The set of reachable design-configuration pairs \({\mathcal {R}}\subseteq {\mathcal {D}}\times {\mathcal {Q}}\) is open.

Proof

Our proof of this lemma is based on the result in Kuntz et al. (2018). Consider a reachable design-configuration pair \((\mathbf {d},\mathbf {q}) \in {\mathcal {D}}\times {\mathcal {Q}}_\mathbf {d}^\text {free}\) for which we wish to construct a reachable neighborhood. By definition of reachable, there must exist some collision-free path \(\sigma \in [0,1] \rightarrow {\mathcal {Q}}_\mathbf {d}^\text {free}\) with \(\sigma (1) = \mathbf {q}\), i.e.,

$$\begin{aligned} \forall {s \in [0,1], \mathbf {k}\in {\mathcal {K}}_\mathrm {robot}} \,\, \mathrm {Shape}(\mathbf {d}, \sigma (s), \mathbf {k}) \in {\overline{{\mathcal {O}}}}, \end{aligned}$$

where \({\overline{{\mathcal {O}}}}\) denotes the set complement of \({\mathcal {O}}\). Let \(\sigma _{\mathbf {q}'}(s) = \sigma (s) + s \cdot (\mathbf {q}' - \mathbf {q})\). \(\sigma _{q'}\) is continuous by continuity of \(\sigma \) and \(\sigma _{\mathbf {q}'}(1) = \mathbf {q}'\) by construction, so \(\sigma _{\mathbf {q}'}\) is a path to \(\mathbf {q}'\). We thus have only to show that \(\sigma _{\mathbf {q}'}\) is collision-free under each design \(\mathbf {d}'\) for all \((\mathbf {d}',\mathbf {q}')\) in a neighborhood of \((\mathbf {d},\mathbf {q})\).
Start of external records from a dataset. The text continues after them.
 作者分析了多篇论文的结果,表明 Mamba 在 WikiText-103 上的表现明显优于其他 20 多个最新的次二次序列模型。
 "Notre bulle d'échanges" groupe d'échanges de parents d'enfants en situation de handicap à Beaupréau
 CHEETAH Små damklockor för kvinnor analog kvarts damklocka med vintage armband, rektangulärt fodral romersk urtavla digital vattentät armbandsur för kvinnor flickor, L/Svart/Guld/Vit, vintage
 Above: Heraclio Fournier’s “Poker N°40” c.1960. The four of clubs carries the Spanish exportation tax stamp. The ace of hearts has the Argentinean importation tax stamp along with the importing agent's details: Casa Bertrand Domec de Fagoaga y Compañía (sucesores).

Observe that the mapping \(L :{\mathcal {D}}\times {\mathcal {Q}}\times {\mathcal {K}}_\text {robot} \times [0,1] \rightarrow {\mathcal {W}}\) given by:

$$\begin{aligned} \mathbf {d}', \mathbf {q}', \mathbf {k}, s \mapsto \mathrm {Shape}(\mathbf {d}', \sigma _{\mathbf {q}'}(s), \mathbf {k}) \end{aligned}$$

is continuous by continuity of \(\sigma _{q'}\) and \(\mathrm {Shape}\). We then have that \(B = L^{-1}[{\mathcal {O}}] \subseteq {\mathcal {D}}\times {\mathcal {Q}}\times {\mathcal {K}}_\mathrm {robot}\times [0,1]\) is closed by closedness of \({\mathcal {O}}\). Let C be the projection of B to \({\mathcal {D}}\times {\mathcal {Q}}\). C is thus the set of all \((\mathbf {d}', \mathbf {q}')\) for which \(\sigma _{\mathbf {q}'}(s)\) is in collision under design \(\mathbf {d}'\) for some \(s \in [0,1]\), and is closed by compactness of \({\mathcal {K}}_\mathrm {robot}\times [0,1]\) and the Tube Lemma.
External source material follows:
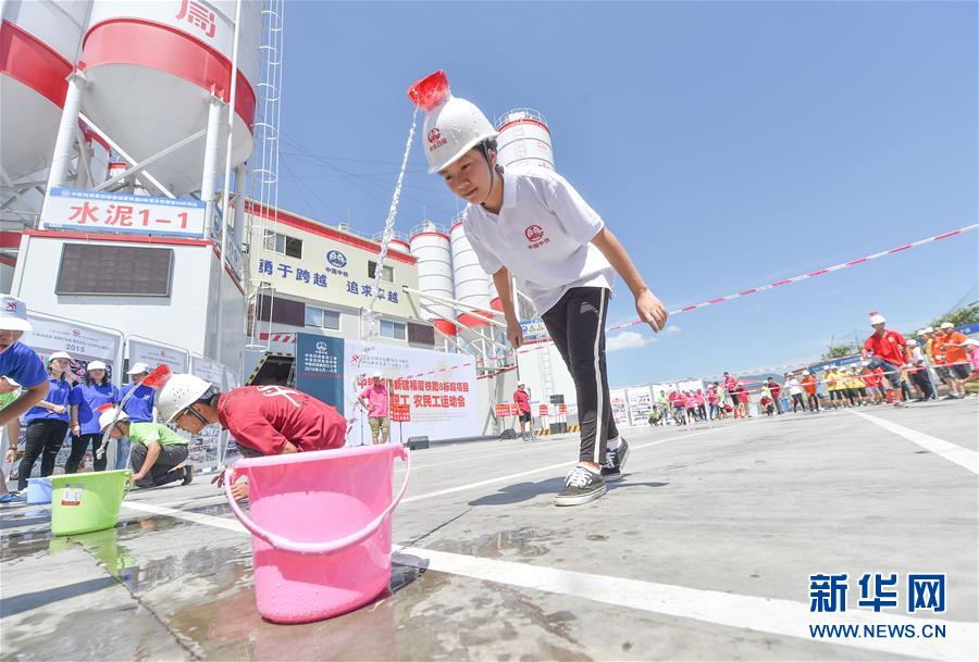 7月21日,在福建省厦门市新建福厦铁路8标段项目工地,中铁四局的建设者在参加安全帽运水比赛。

Now observe that \((\mathbf {d}, \mathbf {q}) \in {\overline{C}}\) because \(\sigma _{q} = \sigma \), and \(\sigma \) is collision-free for design \(\mathbf {d}\) by definition. But \({\overline{C}}\) is open, so it covers some neighborhood N of \((\mathbf {d},\mathbf {q})\). N is thus a neighborhood of \((\mathbf {d},\mathbf {q})\) in which \(\sigma _{\mathbf {q}'}\) is collision-free under design \(\mathbf {d}'\) for all \((\mathbf {d}',\mathbf {q}') \in N\). \(\square \)

Now, let \({\mathcal {R}}_{g} \subseteq {\mathcal {D}}\times {\mathcal {Q}}_\mathbf {d}^\text {free}\) denote the set of design-configuration pairs under which the goal region \(g \in {\mathcal {G}}\) is reachable. The following lemma establishes that \({\mathcal {R}}_{{\mathcal {G}}_i}\) is open for all of the m goal regions \({\mathcal {G}}_i \in {\mathcal {G}}, \, i \in [m]\).

Lemma 2

For any goal region \({\mathcal {G}}_i \in {\mathcal {G}}, \, i \in [m]\), the set of design-configuration pairs under which goal region \({\mathcal {G}}_i\) is reachable, denoted by \({\mathcal {R}}_{{\mathcal {G}}_i}\), is open.

Proof

For any arbitrary goal region \({\mathcal {G}}_i \in {\mathcal {G}}\), consider the set \(A = {\overline{{\mathcal {G}}}}_i = {\mathcal {W}}{\setminus } {\mathcal {G}}_i\). Note that A is closed since \({\mathcal {W}}\) is compact and \({\mathcal {G}}_i\) is open. The remainder of the proof proceeds in a manner similar to Lemma 1.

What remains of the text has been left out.